I routinely reuse my yeast to get 3 batches from one pack. Pack -> starter -> 1st batch -> reuse yeast cake for 2nd batch -> reuse yeast cake for 3rd batch. The third batch has the same banana/clove character as the first....at least that's been my experience.

A word of caution - don't oxygenate your wort if you like the banana ester this yeast can produce. If you oxygenate, expect more clove than anything. And even gently splashing your wort counts as oxygenation with this yeast. Pitch a larger amount to compensate for the lack of oxygen if you decide to go that route.


----------



## white.grant (17/11/08)

Hi Steve

I just ran a series of 6 weizens off the one smack pack of 3068 -- hefe/dunkel/weizenbock/dunkel/dunkel/hefe, I was basically pitching one straight after the other finished and harvesting more or less of the yeast cake. 

I had heard that 3068 doesn't like to sit around inactive -- think it was on a Jamil show podcast which is why I tried to keep it on the go. I have a sample in the fridge from the first hefe and I plan to start it up to see how it goes early in the new year. 

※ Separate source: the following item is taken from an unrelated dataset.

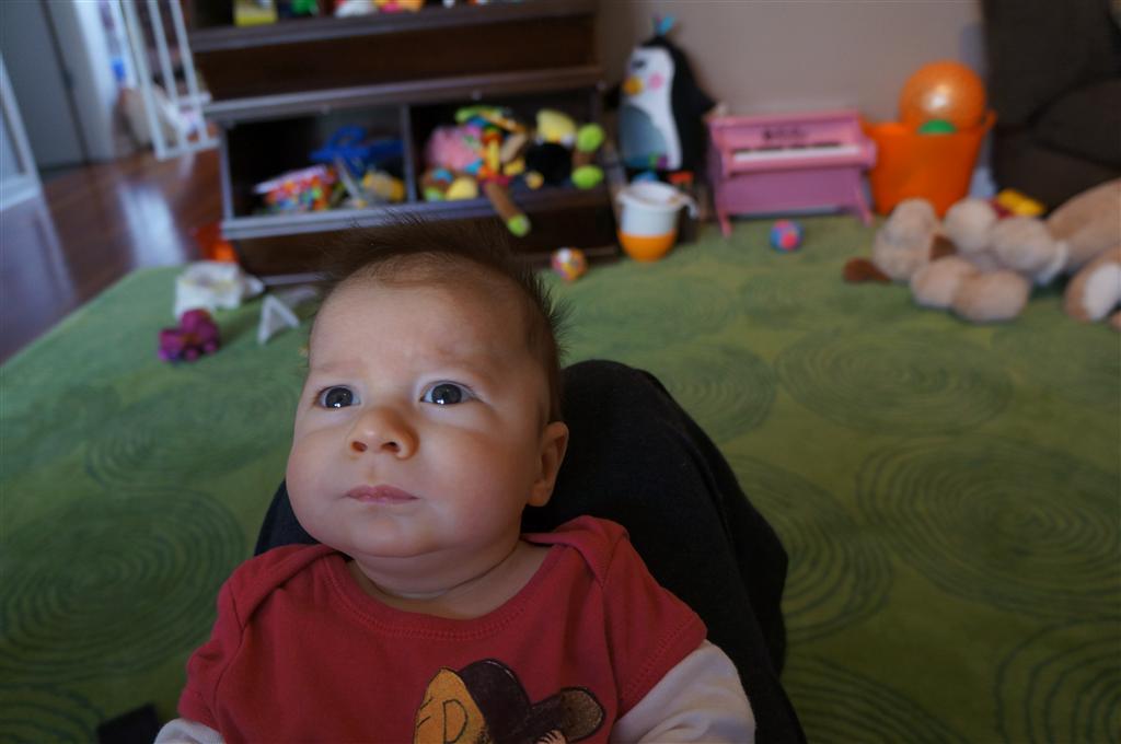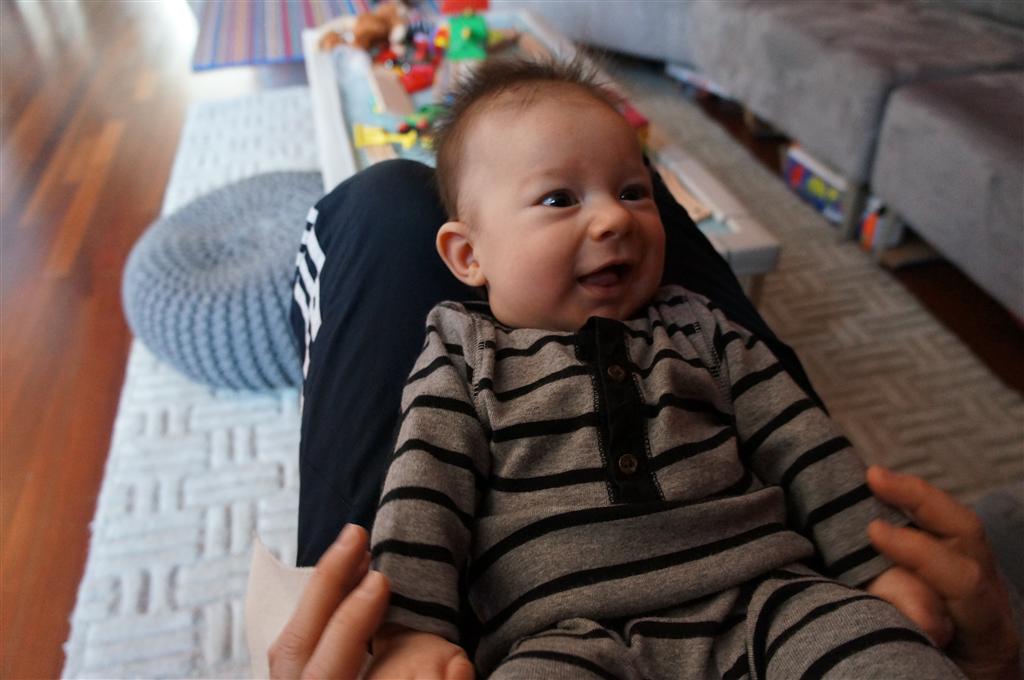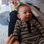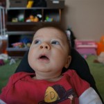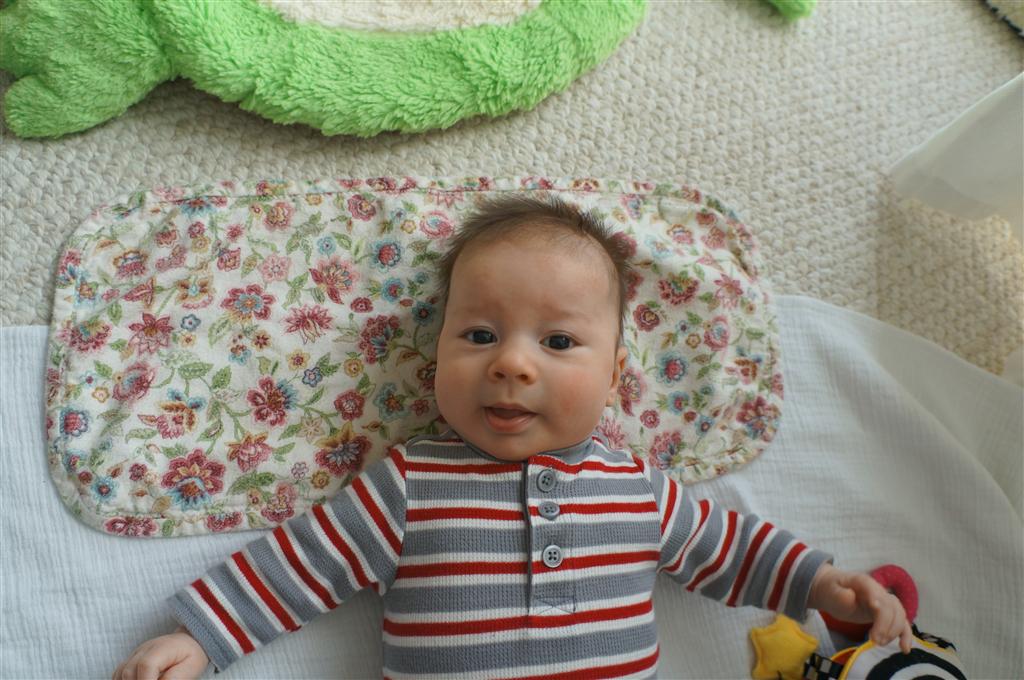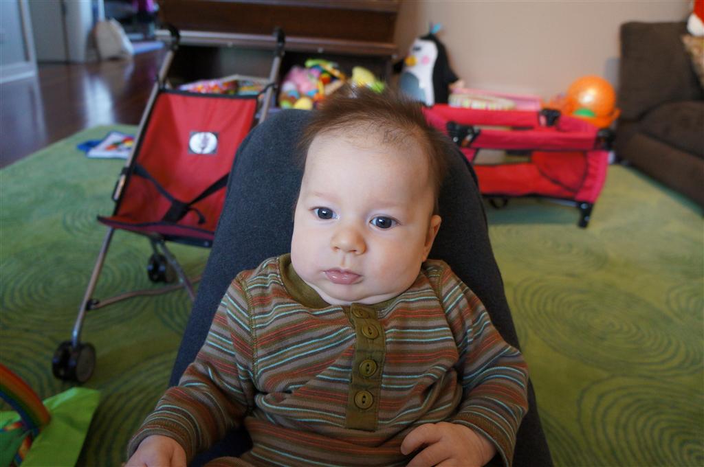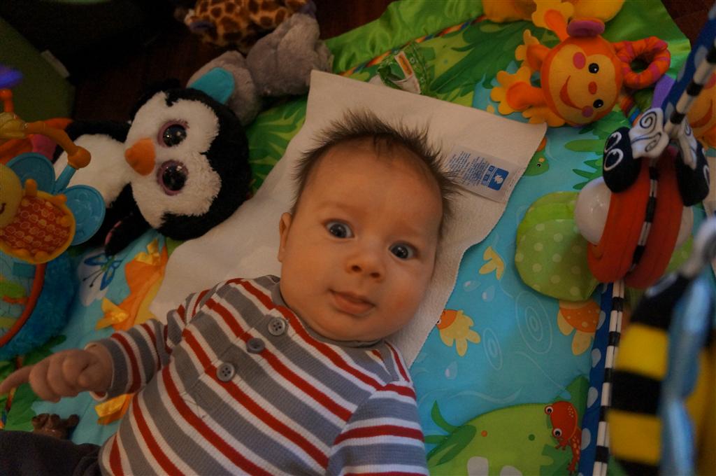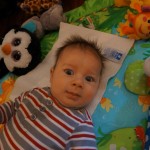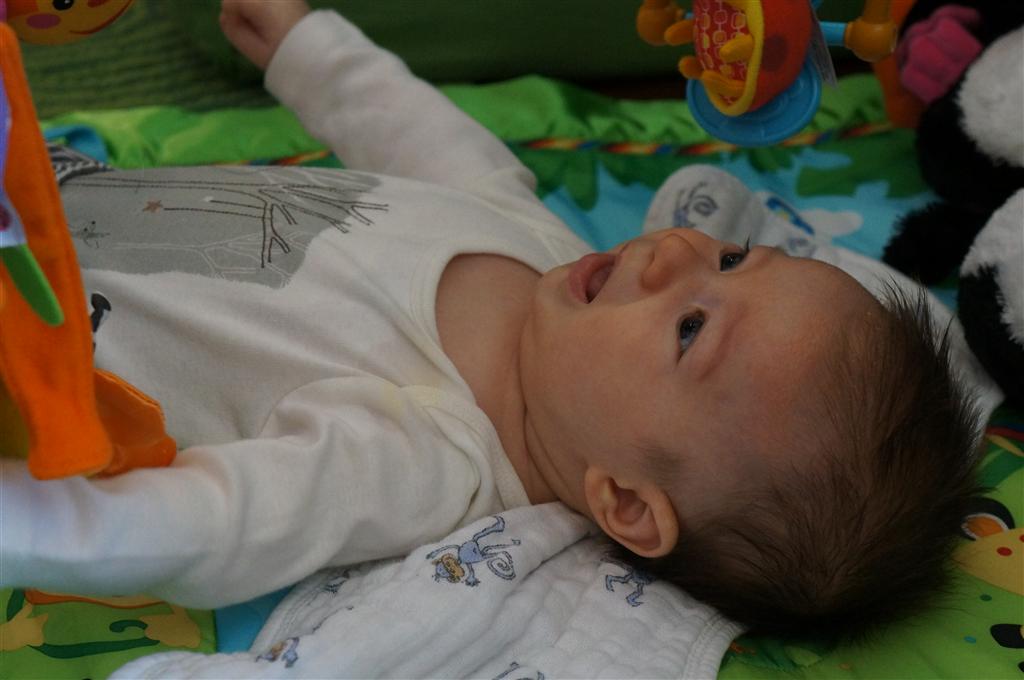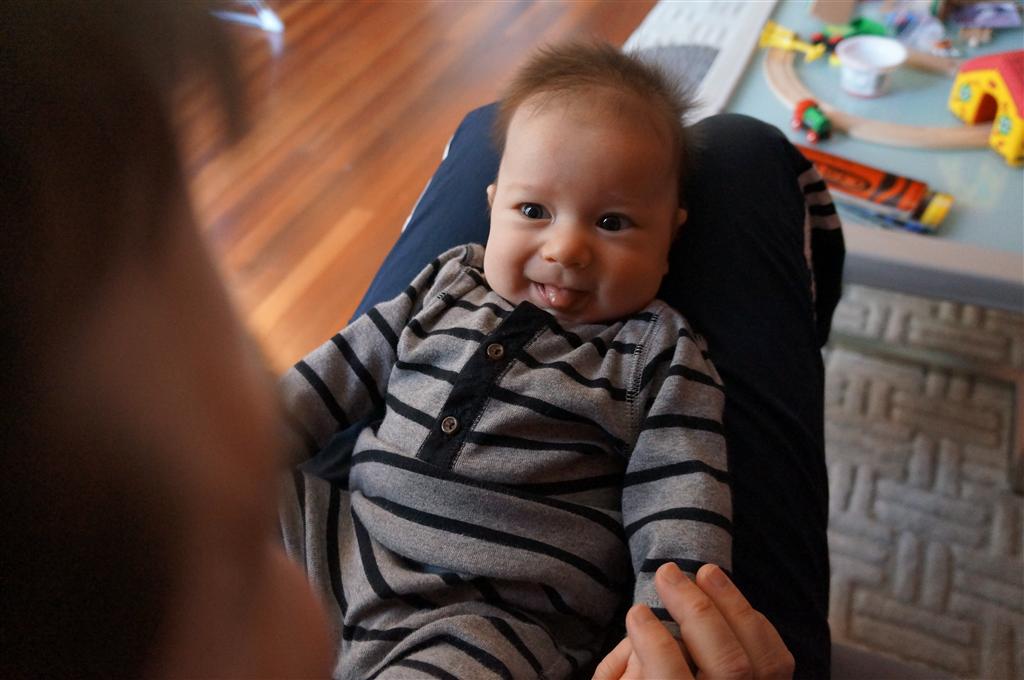 Not to be outdone, Henry is maturing before our eyes as well. Smiles are much more common now, and he has even started to make some happy noises – not quite giggles yet, but definitely the precursor to giggling. It won’t be long and we’ll have full out giggles – and probably some rolling over too. He had some good half rolls this week, as well as a couple times holding a toy in his hand. He hasn’t started reaching out for toys yet, but he is doing more grabbing with his fingers when you hold his hands.

I noted a definite change in the ester profile by the second last dunkel but I think I was managing the fermentation process a little better (ie cooler). It was still vigorous, right to the last. 

cheers

grant


----------



## Ronin (17/11/08)

Grantw said:


> Hi Steve
> 
> I just ran a series of 6 weizens off the one smack pack of 3068 -- hefe/dunkel/weizenbock/dunkel/dunkel/hefe, I was basically pitching one straight after the other finished and harvesting more or less of the yeast cake.
> 
> ...



Hi Grant,

I heard the same Jamil show episode, just after I had grown some 3068 I had in my fridge for over 2 years...it took off a bit slow in the starter but the yeast ended up healthy and made one of the best beers I've made. I still got heaps of clove and a tiny bit of banana (kept it at 20C), so I didn't think the esters changed from it's long hibernation. Just yesterday I grew another one from a 6 month old stock. I don't think it's as sensitive as that podcast suggested. 

James


----------



## white.grant (17/11/08)

Ronin said:


> Hi Grant,
> 
> I heard the same Jamil show episode, just after I had grown some 3068 I had in my fridge for over 2 years...it took off a bit slow in the starter but the yeast ended up healthy and made one of the best beers I've made. I still got heaps of clove and a tiny bit of banana (kept it at 20C), so I didn't think the esters changed from it's long hibernation. Just yesterday I grew another one from a 6 month old stock. I don't think it's as sensitive as that podcast suggested.
> 
> James



Hi James,
thanks for the info, I'm glad to hear that.

cheers

Grant


----------



## Tim F (17/11/08)

I've found that harvesting yeast slurry from my fermenter with this one produced much less banana flavour as opposed to splitting it into slants and starting a new 1st generation starter each time.


----------



## SJW (19/11/08)

I suspect it's got a bit to do with the fact that when pitching a stored portion of the yeast cake you would be pitching a lot more yeast than the first time with just the pack. This could be why there is less banana flavours and a slight change in yeast profile. 
I pitched mine without a starter into a 1.050 Dunk. at 18 deg C. It took off after 10 hours and is now chugging away at about 19 or 20. I will just split the yeast cake and bottle with a little dextrose and see how it goes.

Steve


----------



## Ronin (19/11/08)

SJW said:


> I suspect it's got a bit to do with the fact that when pitching a stored portion of the yeast cake you would be pitching a lot more yeast than the first time with just the pack. This could be why there is less banana flavours and a slight change in yeast profile.
> I pitched mine without a starter into a 1.050 Dunk. at 18 deg C. It took off after 10 hours and is now chugging away at about 19 or 20. I will just split the yeast cake and bottle with a little dextrose and see how it goes.
> 
> Steve



I agree with the overpitching thing...I think I read somewhere, might have been brew like a monk, that the belgians specifically underptich (comparatively) to enhance the esters produced.


----------